RECORDS TO USE:

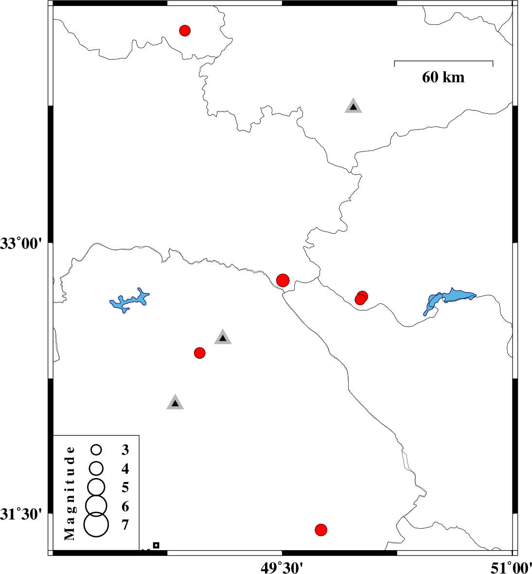 | 2024/06/04 | 23:35:33.2 | 03:05:33.2 | 32.392 | 48.961 | 40 | ML:3.3 | Khoozestan Province, 14 km -West of Lali |
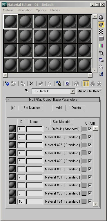 When you press the 'Add' or 'Delete' options, it will add or subtract a material at the end. So if you hit 'Delete', it will remove the 10th material if you only have 10 in the multi sub.
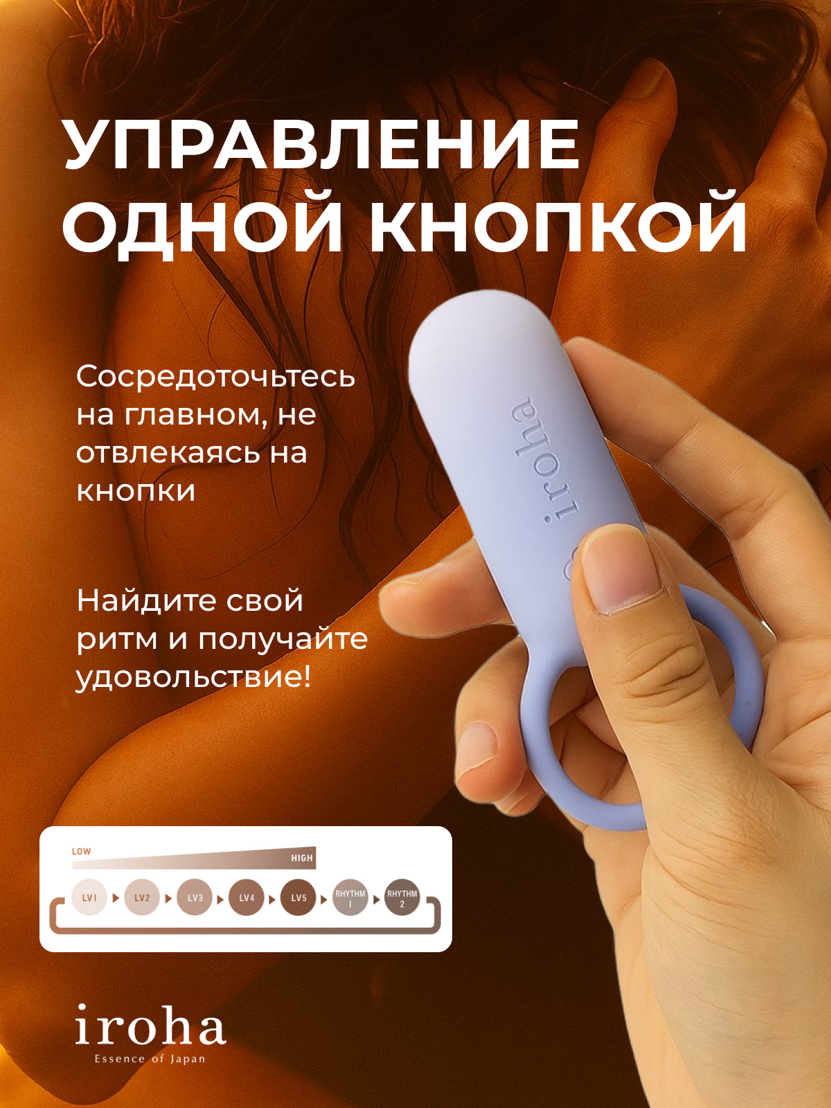 Простое управление одной кнопкой переключает 5 уровней вибрации и 2 ритмичных режима. 1 часа заряда аккумулятора обеспечивает приблизительно 60 минут беспрерывной работы.
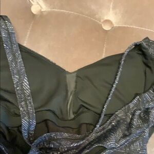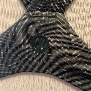 Beautiful Lululemon wrap it up top that features dark green fabric with white accents, padding that can be removed, super cute wrap style, and a racer back back. Bottom hangs a little looser than the top for a really flattering fit. Gently used but still in great condition.
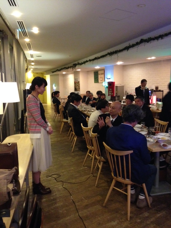 試写会終了後には、サポーターの方々と、修復作業の関係者たちが集い、小津について語り合うアフターパーティーが催されました。食事とお酒を楽しみつつ、いちばん好きな小津映画はどの作品か、次に修復すべき作品は何だろうか、と話題は尽きません。近森眞史撮影監督はじめ関係者への質疑応答においても、さすが小津愛・映画愛に溢れたご支援者の方々、鋭くも的確な質問が投げかけられました。
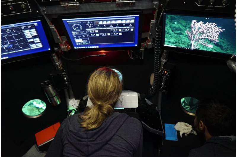 WHOI 科學(xué)家 Colleen Hansel 在 HOV Alvin 內(nèi)部。圖片來源:伍茲霍爾海洋研究所)
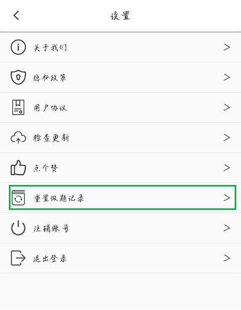2、在设置界面点击[重置做题记录]即可。

WHAT TO WORK ON: Omitting the images, copy the listing exactly.

WRITTEN ANSWER:
 | 2024/06/04 | 23:35:33.2 | 03:05:33.2 | 32.392 | 48.961 | 40 | ML:3.3 | Khoozestan Province, 14 km -West of Lali |
 When you press the 'Add' or 'Delete' options, it will add or subtract a material at the end. So if you hit 'Delete', it will remove the 10th material if you only have 10 in the multi sub.
 Простое управление одной кнопкой переключает 5 уровней вибрации и 2 ритмичных режима. 1 часа заряда аккумулятора обеспечивает приблизительно 60 минут беспрерывной работы.
 Beautiful Lululemon wrap it up top that features dark green fabric with white accents, padding that can be removed, super cute wrap style, and a racer back back. Bottom hangs a little looser than the top for a really flattering fit. Gently used but still in great condition.
 試写会終了後には、サポーターの方々と、修復作業の関係者たちが集い、小津について語り合うアフターパーティーが催されました。食事とお酒を楽しみつつ、いちばん好きな小津映画はどの作品か、次に修復すべき作品は何だろうか、と話題は尽きません。近森眞史撮影監督はじめ関係者への質疑応答においても、さすが小津愛・映画愛に溢れたご支援者の方々、鋭くも的確な質問が投げかけられました。
 WHOI 科學(xué)家 Colleen Hansel 在 HOV Alvin 內(nèi)部。圖片來源:伍茲霍爾海洋研究所)
2、在设置界面点击[重置做题记录]即可。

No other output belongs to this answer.